[PlanetCCRMA] [PlanetCCRMANews] the Planet lands on Fedora 10

David Nielson naptastic at comcast.net
Tue Dec 2 11:42:20 PST 2008


First off, Windows or a Mac will probably not perform better than a 
Linux machine.

Second, do you really *NEED* the NVidia drivers? Can you get by with the 
NV drivers? They do not accelerate anything, but they do work, and they 
don't cause any problem with the -rt kernel.

Third, which kernels have you tried? Right now, the "stable" solution 
seems to be Fedora 8, with the 2.6.24-series -rt kernel from CCRMA. 
Fedora 9 and 10, and the newer -rt kernels, have stability issues.
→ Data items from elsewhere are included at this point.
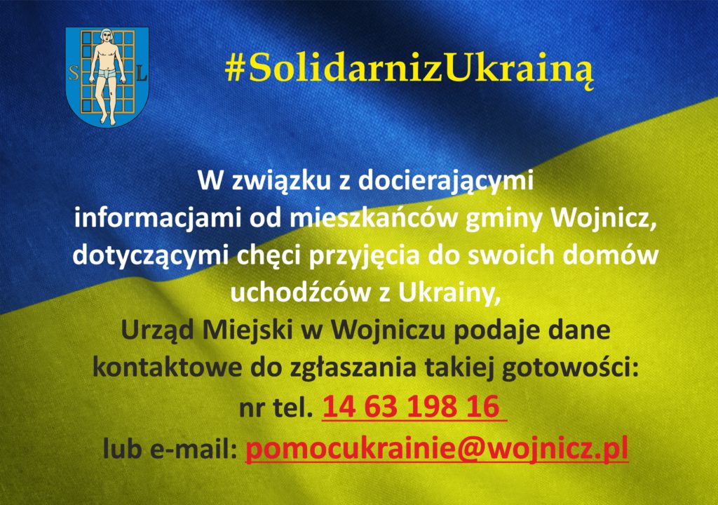 W związku z docierającymi informacjami od mieszkańców gminy Wojnicz, dotyczącymi chęci przyjęcia do swoich domów uchodźców z Ukrainy, Urząd Miejski w Wojniczu podaje dane kontaktowe do zgłaszania takiej gotowości:
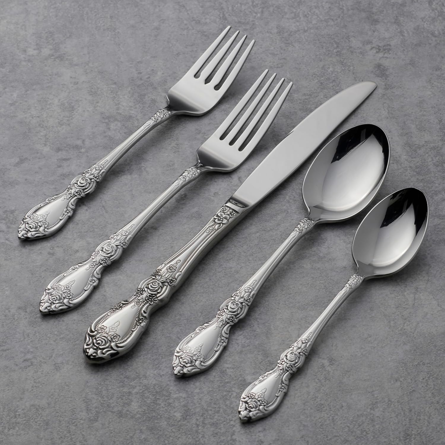 - WHY IT’S SPECIAL: Oneida's Wordsworth flatware celebrates intricate detail with its flower-adorned handles and high-end finish that beautifully catches the light. This design embodies elegance and opulence, inviting you to indulge in the richness of a bygone era.
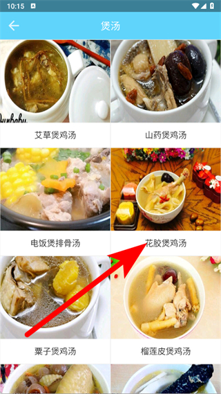 3、在煲湯分類的食譜列表中,點(diǎn)擊想要查看的食譜。
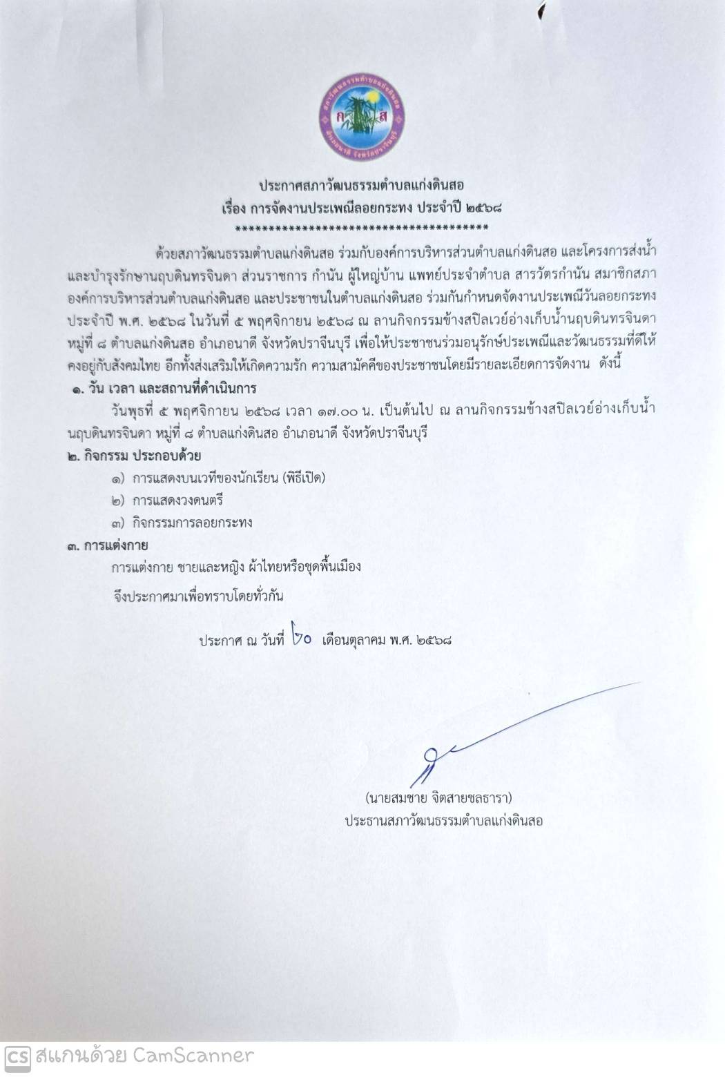 ประกาศจัดงานประเพณีวันลอยกระทง ประจำปี พ.ศ. 2568 |

Fourth, I've never used the Tranzport, so you'll probably have to find 
information on that from the Ardour home page.

Lastly, you **CAN** use Jack without a -rt kernel, by turning off the -R 
option if you start from the command line, or un-checking the "realtime" 
box in the settings dialog in qjackctl. However, you will probably have 
to use very large latencies in order to get it to work without xruns.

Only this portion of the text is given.